8月からチーム別のシーンごとの稽古を経て、
とうとう昨日から全体稽古が始まる。
ここからは、契約も一律。
出番が多い少ないにかかわらず、基本、14時から23時まで身体をあけておく。
スタッフ、キャスト含め、総勢30人から35人の人が劇場を出入りし、
19時から20時の休憩には、食事が配給される。
日本でいうようなスッタフ弁当のようなものを想像していたが、
出てきたのは、大きなトレーに入られた家庭料理だった。
ちなみに、昨日の献立は、
トマトとコリアンダーのサラダ、炒めご飯、チキンソテー、そしてデザートにブラウニー。
全部、手作り。
テーブルには、ところどころにバゲットが置いてある。
舞台監督さんに聞いたところ、映画撮影中や、演劇の稽古などの現場を中心に、
ケータリングを用意するカトリーヌさんという有名な奥さんがいるらしい。
つまり、ご飯は、すべてカトリーヌさんのお家で用意されたもの。
それぞれが好きなだけ、自分のお皿にとって食べる。
とはいっても、全員で「いただきます!」的な習慣はもちろんなく、
それぞれが、自分の好きなタイミングで食べ始める。
最初、周りのお皿を見たら、みんなトマトサラダしか、よそっていなくて、
このグループはベジタリアンなのかなと疑うも、
郷に入っては郷にしたがえと思って、
私も、トマトサラダだけをお皿によそう。
ただ、なにしろ、他の人がまだよそいきっていないので、
全員分たりるのかという心配がつきまとい少なめに。
そして、おのおのトマトサラダを食べ終わると、そのお皿に、またチキンとライスをよそいに行く。

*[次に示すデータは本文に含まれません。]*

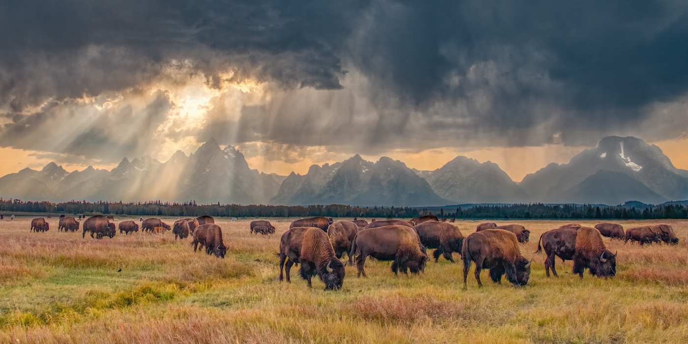 Bison herd at sunset in Grand Teton
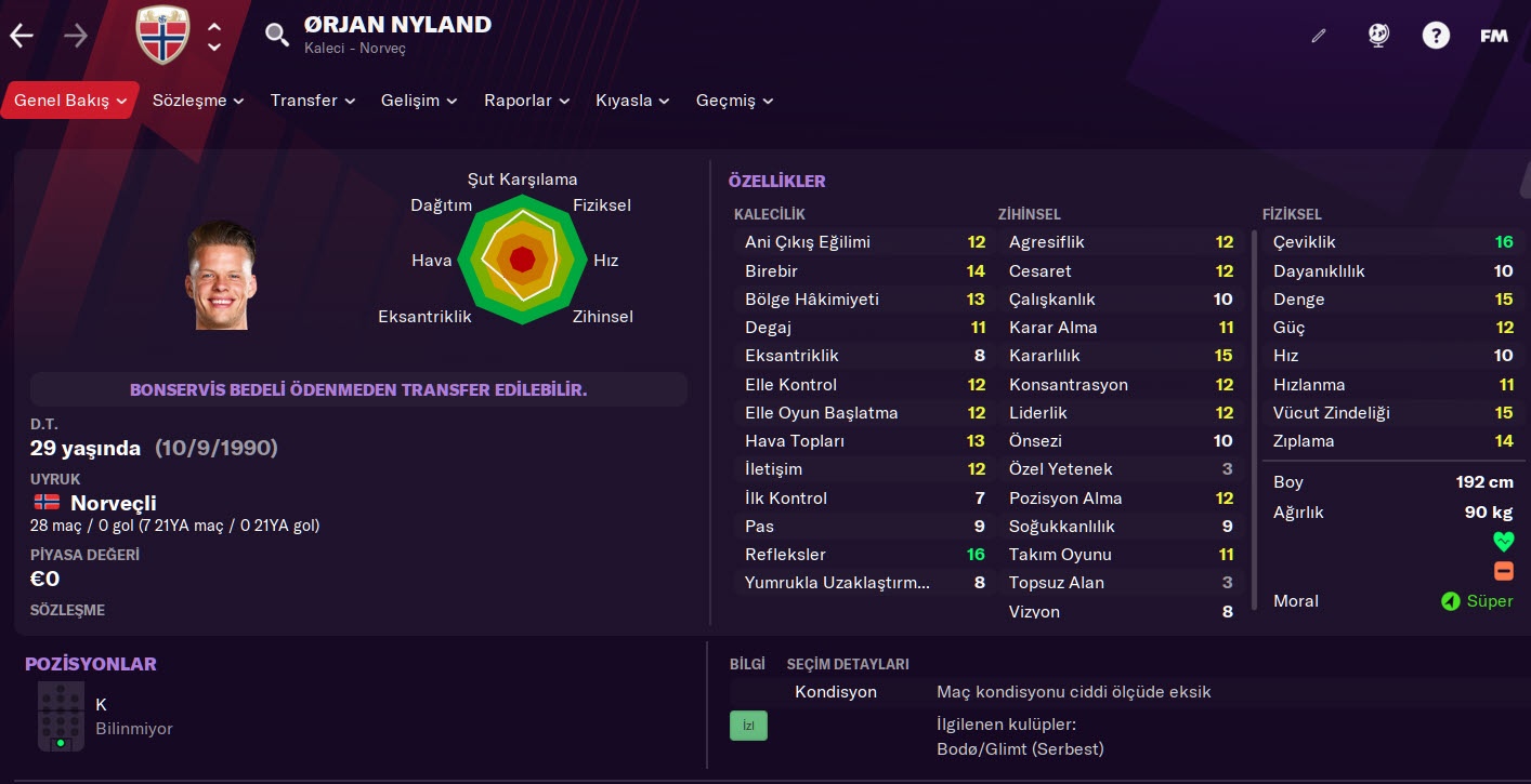 Nyland, Aston Villa Championship’ten çıkarken kalesinde görev alan kalecilerden biriydi. Norveçli eldiven geçen sezon ise Premier Lig’de pek forma şansı bulmadı. Nyland ortalama bir kaleci profilinde ama İngiltere gördüğünden dolayı bir ihtimal ortalama bir kaleciye göre daha yüksek bir maaş talep edebilir. Nyland takımınız durumuna göre bir yada ikinci kaleci olabilir.

食べ終わったあと、もうすこし、サラダが食べたいと思ったが、
前菜、メインという順序を通ったあとで、
前菜に戻るというのは、果たして礼儀が悪いことなのか戸惑いながら、
さりげなくおかわり。
あとで、よくよく観察してたら、ほとんどの男の人たちが、足りてなかったらしく、残ってるなら食べるよ、と言って、おかわりをしていたので一安心。
もちろん、日本では、「三角食べ」の教育を受けて、育ってきているので、
レストラン以外の場所では、ひとつのものを食べきってから次にいくという習慣にはどうも慣れない。

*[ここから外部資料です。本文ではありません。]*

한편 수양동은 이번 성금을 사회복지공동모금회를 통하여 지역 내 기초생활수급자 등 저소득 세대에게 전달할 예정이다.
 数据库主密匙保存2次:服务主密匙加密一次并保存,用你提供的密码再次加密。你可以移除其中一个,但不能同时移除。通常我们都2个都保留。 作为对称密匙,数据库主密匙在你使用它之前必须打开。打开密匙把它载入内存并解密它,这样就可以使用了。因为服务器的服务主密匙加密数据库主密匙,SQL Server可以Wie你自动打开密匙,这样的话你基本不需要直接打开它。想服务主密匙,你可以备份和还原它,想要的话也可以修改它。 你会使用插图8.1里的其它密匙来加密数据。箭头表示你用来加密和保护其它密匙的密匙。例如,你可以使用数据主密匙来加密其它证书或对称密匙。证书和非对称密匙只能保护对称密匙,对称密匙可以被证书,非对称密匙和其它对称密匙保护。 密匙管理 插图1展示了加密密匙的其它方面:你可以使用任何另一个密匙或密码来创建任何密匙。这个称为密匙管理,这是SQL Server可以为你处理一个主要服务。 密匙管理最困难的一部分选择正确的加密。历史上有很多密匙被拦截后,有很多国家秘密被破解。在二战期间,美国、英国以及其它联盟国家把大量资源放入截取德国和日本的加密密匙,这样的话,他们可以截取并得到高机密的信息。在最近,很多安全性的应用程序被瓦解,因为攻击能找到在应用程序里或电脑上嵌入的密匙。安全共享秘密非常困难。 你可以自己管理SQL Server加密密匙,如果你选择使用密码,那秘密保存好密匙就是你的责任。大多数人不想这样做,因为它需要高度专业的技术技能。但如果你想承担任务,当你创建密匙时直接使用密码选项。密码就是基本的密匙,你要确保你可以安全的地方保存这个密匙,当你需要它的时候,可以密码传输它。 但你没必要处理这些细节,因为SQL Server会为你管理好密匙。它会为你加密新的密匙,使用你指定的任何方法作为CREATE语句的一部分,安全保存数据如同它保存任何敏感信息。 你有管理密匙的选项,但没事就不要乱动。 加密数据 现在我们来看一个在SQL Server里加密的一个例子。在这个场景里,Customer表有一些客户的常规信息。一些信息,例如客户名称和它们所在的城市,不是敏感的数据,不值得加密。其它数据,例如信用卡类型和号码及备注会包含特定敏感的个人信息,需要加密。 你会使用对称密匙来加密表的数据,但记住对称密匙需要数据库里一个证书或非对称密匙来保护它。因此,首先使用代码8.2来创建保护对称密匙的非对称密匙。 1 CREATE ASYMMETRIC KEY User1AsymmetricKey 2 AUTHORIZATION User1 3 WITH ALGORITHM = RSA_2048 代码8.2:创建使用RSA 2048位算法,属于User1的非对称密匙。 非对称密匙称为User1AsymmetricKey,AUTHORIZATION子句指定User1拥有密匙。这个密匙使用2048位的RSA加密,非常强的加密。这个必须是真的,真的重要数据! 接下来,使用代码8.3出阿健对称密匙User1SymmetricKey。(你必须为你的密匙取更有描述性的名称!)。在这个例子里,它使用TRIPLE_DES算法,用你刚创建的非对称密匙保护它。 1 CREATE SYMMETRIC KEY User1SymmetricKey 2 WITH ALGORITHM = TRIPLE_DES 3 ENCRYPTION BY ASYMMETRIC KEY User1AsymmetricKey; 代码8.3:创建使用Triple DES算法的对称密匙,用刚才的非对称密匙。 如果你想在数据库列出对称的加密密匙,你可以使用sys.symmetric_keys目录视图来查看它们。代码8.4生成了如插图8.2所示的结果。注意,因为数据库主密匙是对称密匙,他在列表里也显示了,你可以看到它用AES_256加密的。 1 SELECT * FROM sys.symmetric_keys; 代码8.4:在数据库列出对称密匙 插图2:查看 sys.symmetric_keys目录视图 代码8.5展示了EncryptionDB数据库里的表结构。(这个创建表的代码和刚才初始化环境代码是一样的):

食事の文化意識の違いというと、必ずフランス人の話に出てくるのが、ロラン・バルト。
以前もこのブログの中で紹介したのだが、
必ずと言っていいほど、日仏における食事文化の違いについての話題になると登場してくるのが、ロラン・バルト氏が書いた『記号の国』という本。
(過去のブログ記事:芸術作品としてのフランス語で綴られる日本の姿が愛おしすぎる件)
よく、海外生活で、食事は何を食べているかと聞かれるけど、
ここまでグローバル化が進んだ現代社会において、
自分が食べたいものを、海外に行っても食べ続けることはある意味簡単である。
それよりも、その国の食事に対する意識というものは、その空間を共にする人たちへの敬意、つまり、礼儀につながるので、おざなりにはできない。
フランスでは、決められた量、もしくは与えられた量を食べきるという習慣もないらしい。
確かに、体型ひとつとっても、
日本よりはるかに個人差があるのだから、それぞれ食べる量が違って当たり前なのだろう。